The section of the script below is responsible for keeping track of the cars in the video. The method used for keeping track of the cars is to check which x and y centroid position pair in the current frame is closest to another x and y centroid position pair in the previous frame. This works great for this application since the contours are large and spaced out but can cause an issue when the contours are small and in close proximity with a low frame rate.

An empty list is created that will be used later on for the indices of the centroids in the current frame that are added to centroids in the previous frame. The if statement below is the algorithm that keeps track of the cars. The first if statement if len(cxx) checks if there are any centroids in the current frame that have passed the criteria mentioned in the section above. If there are centroids that have passed the criteria, then the rest of the if statement can commence in order to start tracking cars.

The next if statement if not car-ids checks if the empty list car-ids created is indeed empty. This is used to check if there have not been any cars recorded yet. If there have not been any cars recorded yet, then there will be a loop loops through all the current centroids that have passed the criteria and creates car-ids to start keeping track of cars. The new car-ids are appended to the empty car-id list and a new car-id column is added to the dataframe. The car-ids corresponding x and y centroid position are added to the dataframe for that specific frame row (framenumber) and carid column (carids). Finally, the totalcars counter increases the total car count.

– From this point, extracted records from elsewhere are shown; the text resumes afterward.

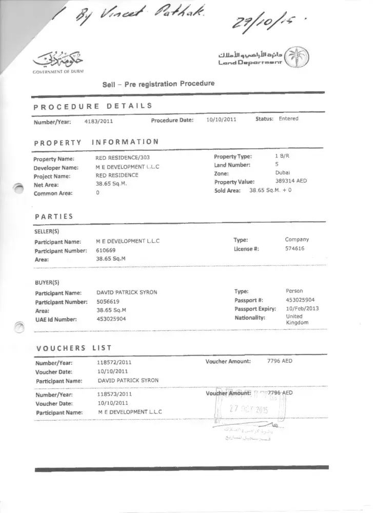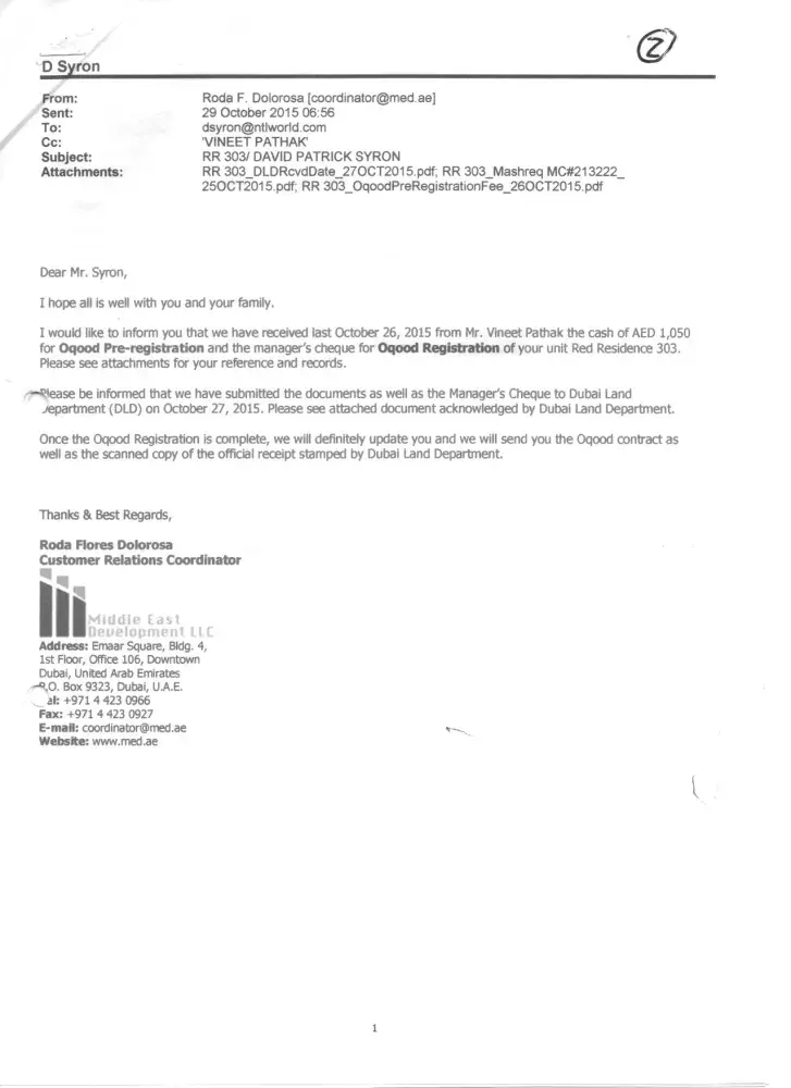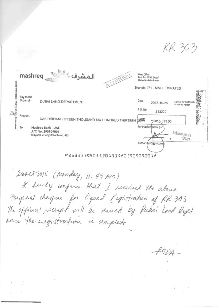 To pay the Dubai Land Department. The Land Department are saying they never received it?. I have sent copies of the cheque. We need to know if the cheque has ever been cashed?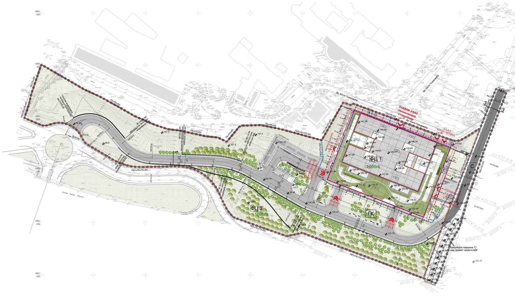 Saobraćajni pristup za korisnike i zaposlene planiran je preko planirane pristupne saobraćajnice i Deligradske ulice. Ulazi u podzemnu garažu ostvareni su sa pristupne saobraćajnice na etaži Po-1.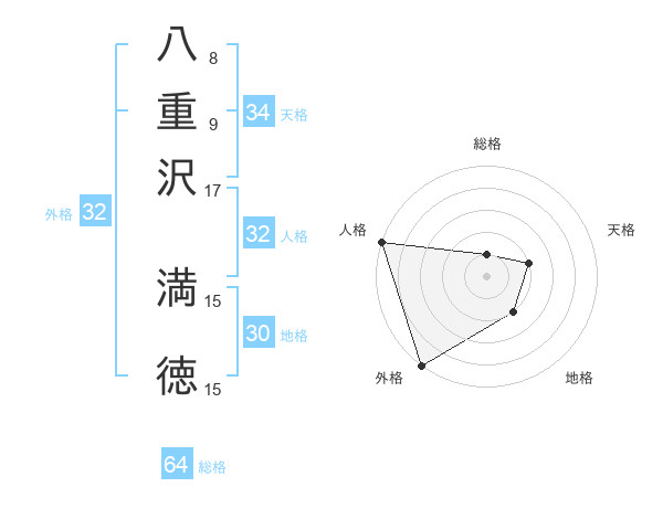 八重沢 満徳さんの総格は64画の1点!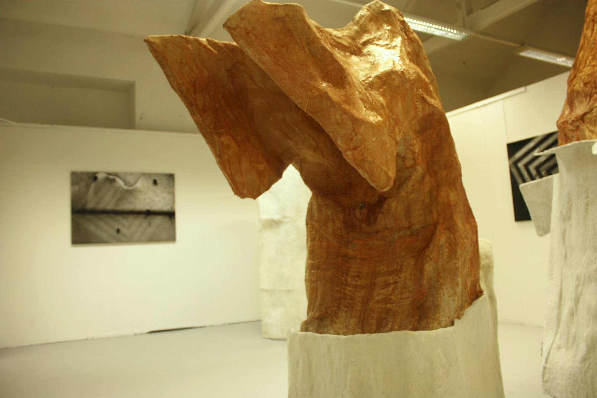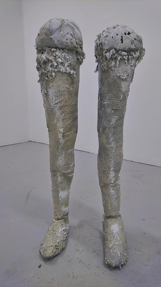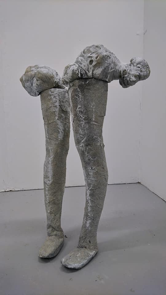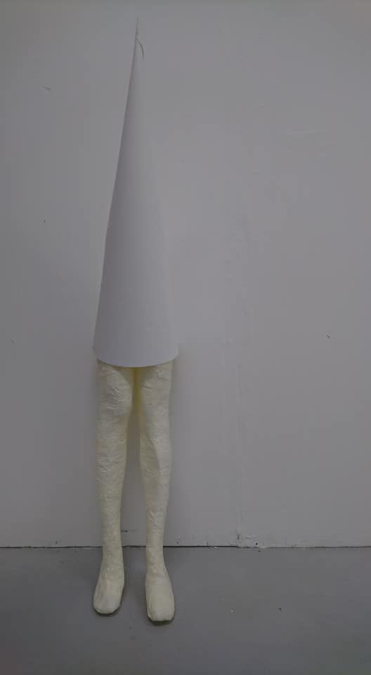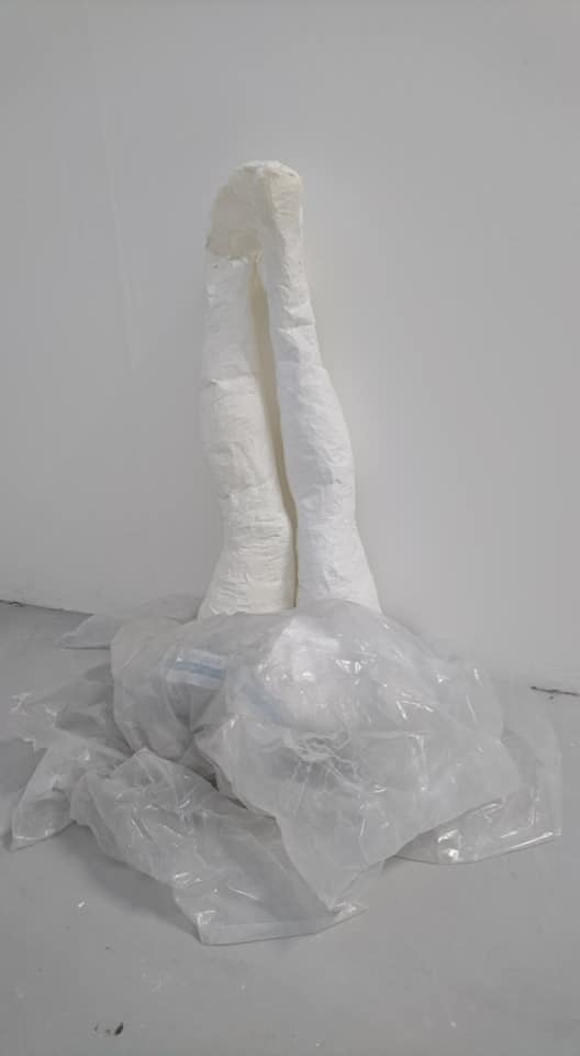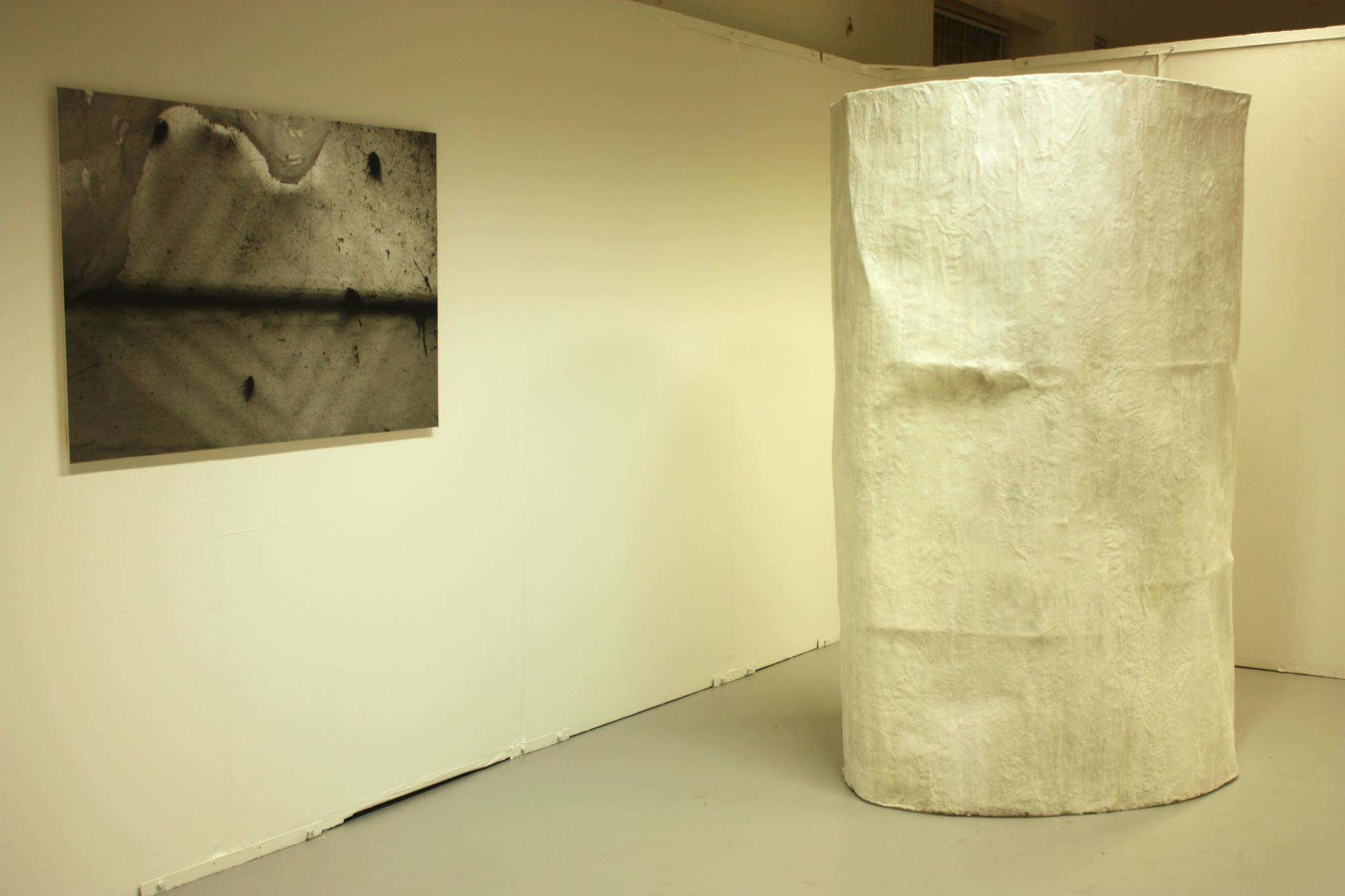 Paper, expanding foam, cement, texture spray, 95cm

Now, the speed of the car can be calculated since the time and the distance between two lines are already known.

Conclusions:

The project is conducted using data of vehicle images and non-vehicle images to train a classifier that helps detect cars and the other objects. The detection moving object uses Gaussian Mixture model method as well as SVM model to classify cars among others and the tracking object uses Euclide distance of the centroid between current and previous frame. The common issues could be arisen in this project if the maximum radius is too large and multiple centroids are close to other centroids.